Exercise Treadmill Testing

This is a form of cardiac stress testing which involves exercising whilst ECG electrodes are attached to the chest. It involves walking faster and up an increasing incline to work the heart and see its electrical responses as well as the effects of heart rate, blood pressure and symptoms.

A typical test takes less than 15 minutes. The data acquired may provide indirect evidence of the presence of coronary artery disease but the test may be performed for a number of other reasons including the assessment of physical fitness (see cardiopulmonary exercise test).

Myocardial Perfusion Scintigraphy

This test involves imaging the heart using the distribution properties of radiopharmaceutical imaging agents with the images being obtained by a scintillation camera. The images of the heart at rest and following stress ('physical not emotional stress' with medication or via exercise) are compared and can be used to make an indirect assessment of coronary artery disease.

Stress Echocardiography

A stress echocardiogram is a minimally invasive test which allows your Doctor to look at your heart using echo ultrasound and ECG recordings at rest and also during stress when it is beating faster. The stress can be created physiologically with exercise or via pharmacological agents such as dobutamine. The test will help your Doctor to assess the response of the heart to stress and detect any effects of coronary or valve disease on the pumping action of the heart.

Transthoracic Echocardiography

This test records moving images of the heart using ultrasound. It typically takes about 20 minutes to perform. It involves the application of jelly to the end of a small probe that is applied to the chest wall to acquire the heart images. This is an extremely low risk procedure.

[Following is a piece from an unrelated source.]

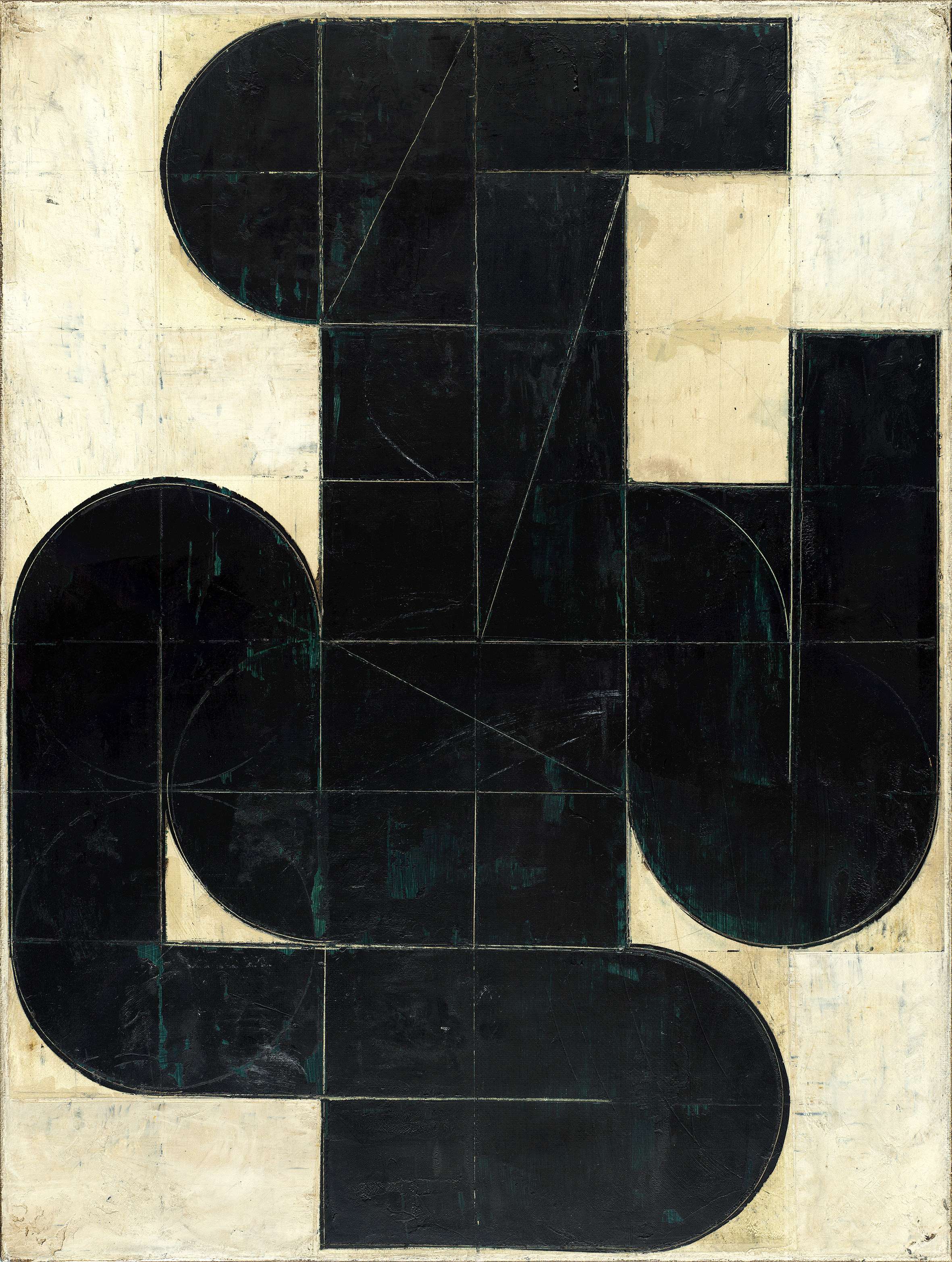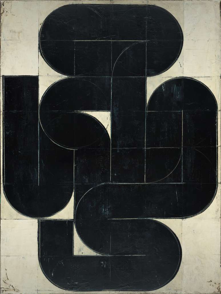 Les peintures abstraites monochromes, avec des formes incurvées noires dominantes, occupent une place clé dans le développement de l’œuvre récente de l’artiste.

Transoesophageal echocardiography

This test records moving images of the heart using ultrasound. However, unlike tranthoracic echocardiography this test whilst still minimally invasive, involves application of a topical anaesthetic to the back of the throat and administration of a short acting mild sedative a small probe, no larger than the size of the middle finger, is passed down the throat in order to acquire highly detailed heart images. Patients can go home as soon as two hours post procedure.